We decided that the clinic should offer all elements of the preoperative assessment and thereby give patients “one-stop shopping.” Each patient sees a nurse practitioner, who performs the surgical history and physical examination as well as the anesthesiology and nursing assessments. The result is a multidisciplinary approach with a single assessment output. We shifted employees who had been responsible for preoperative assessment in the offices of various surgeons to a central clinic so that all assessments could be standardized, and we provided additional training to enable them to perform various assessments. The nurse practitioners are supervised by an on-site attending physician, as detailed below.

This model offers a number of advantages:

  • Patients see a single provider.
  • Assessment is facilitated for our surgeons, who may not be completely up-to-date on perioperative risk assessment and management.
  • We have a central location for standardized education programs for our physicians, nurses, and residents.
  • The clinic’s standardized records and processes facilitate data generation for research and clinical practice improvement.

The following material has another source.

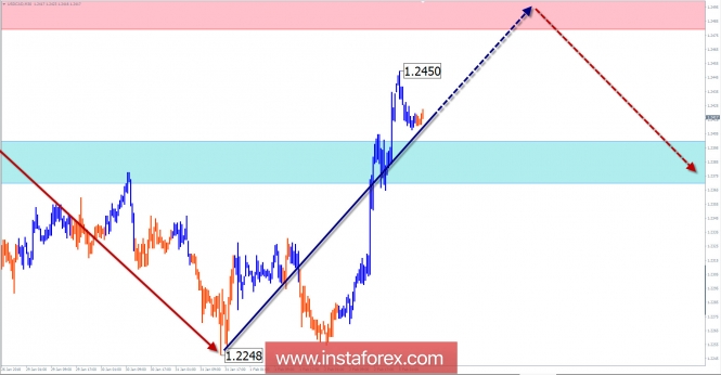 Торговый обзор на 5 февраля по упрощенному волновому анализуИнстаФорекс - Instaforex, 7 лет назад Обзор и прогноз по GBP/USD Направление тренда основной пары английского фунта с октября 2016 года задается восходящей волной. В более крупномасштабной волновой модели этот участок занимает место коррекции. Волновой уровень текущего движения потенциально со временем может перерасти коррекционные рамки. Две недели назад котировки пары достигли мощной встречной зоны, где проходит несколько уровней сопротивления разного масштаба. С 25 января стал формироваться нисходящий коррекционный зигзаг. Судя по виду структуры волны, можно рассчитывать лишь на минимальный ход цены вниз, в районе 2-х ценовых фигур от текущего курса пары. В предстоящие дни ожидается возобновление начавшего в конце прошлой недели нисходящего вектора движения. Сегодня в первой половине дня более вероятен боковой флет. Границы зон сопротивления: - 1.4160/90 Границы зон поддержки: - 1.4080/50 Обзор и прогноз по USD/CAD Трендовый курс движения графика мажора канадского доллара с января 2016 года формирует медвежья волна. Ее последний незавершенный участок ведет отсчет с мая прошлого года. После бычьего коррекционного отрезка, с конца октября ценовое движение вновь движется доминирующим курсом. В рамках основной волны, с 5 января котировки формируют коррекцию. Форма ее структуры имеет неправильный вид. В конце пришлой недели можно было наблюдать рывок цены вверх на заключительную часть (С). Последний экстремум цены упирается в нижнюю границу расчетной целевой зоны. Сегодня ожидается завершение этой конструкции. Наиболее вероятный уровень подъема показывает зона сопротивления. Далее можно рассчитывать на смену курса и повторное снижение. Границы зон сопротивления: - 1.2480/1.2510 Границы зон поддержки: - 1.2400/1.2370 Пояснения к рисункам: Для упрощенного волнового анализа используется простейший вид волны в виде зигзага, сочетающий в себе 3 части (А;В;С). Из таких волн состоят все виды коррекции и большая часть импульсов. На каждом тайм-фрейме анализируется последняя, незавершенная волна. Отмеченные на графиках зоны указывают расчетные участки, где вероятность смены направления движения значительно повышается. Стрелки указывают волновую разметку по используемой автором методике. Сплошным фоном стрелок указана сформированная структура, пунктирным – ожидаемые волновые движения. Внимание: Волновой алгоритм не учитывает продолжительность движений инструмента по времени. Прогноз не является торговым сигналом! Для проведения торговой сделки требуются подтверждающие сигналы используемых Вами торговых систем. Материал предоставлен компанией InstaForex - www.instaforex.com |
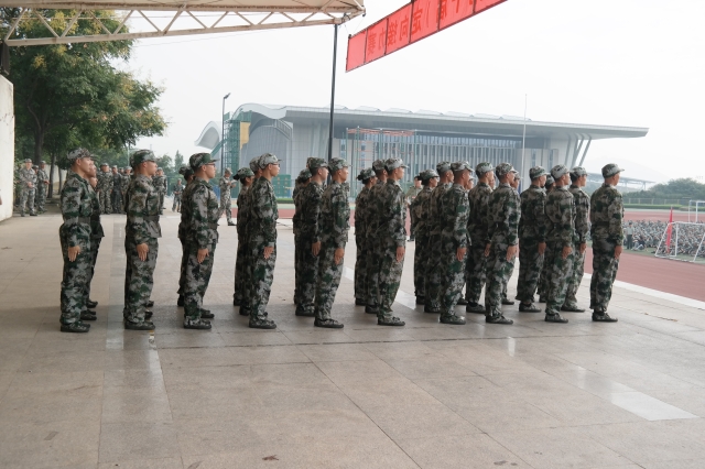 加强排同学们斗志昂扬的有序进场,在教官“立正、稍息、跨立”等一个个口令下,同学们步伐一致、口号嘹亮,将整理着装、稍息立正、停止间转法、跨立、齐步行进四个部分如行云流水般一起喝成。最后在全校师生的欢呼声中,同学们整齐的跑下主席台,在主席台左侧接受仪表检查。

Independent budgetary and staffing structure

The preoperative clinic is a separate cost center under the leadership of the department of anesthesiology. Resources were shifted to a central location so that as volume increases, we can add resources to meet the additional volume. We contracted with the hospital administration to provide payment for two full-time-equivalent anesthesiologists per day, who serve as on-site attending physicians. The hospital is willing to do this because not only do these attending physicians supervise the anesthesiology assessment, they are the collaborating physicians for the entire perioperative assessment. They review every patient, order tests and write prescriptions as needed, and discuss issues with the primary care physicians and referring specialists.

The preoperative clinic has an anesthesiologist director (me) who reports directly to the hospital’s vice president for surgical services on budget and staffing issues. I also report to the chairman of the department of anesthesiology, though he is not involved in budgetary functions (the hospital contracts with him to provide the anesthesiology staffing). The clerical and nursing staff work directly for the clinic.

The clinic is run in a self-contained area with a central waiting room and space for doing all the assessments and laboratory work internally, including 16 examination rooms and a room for chart organization.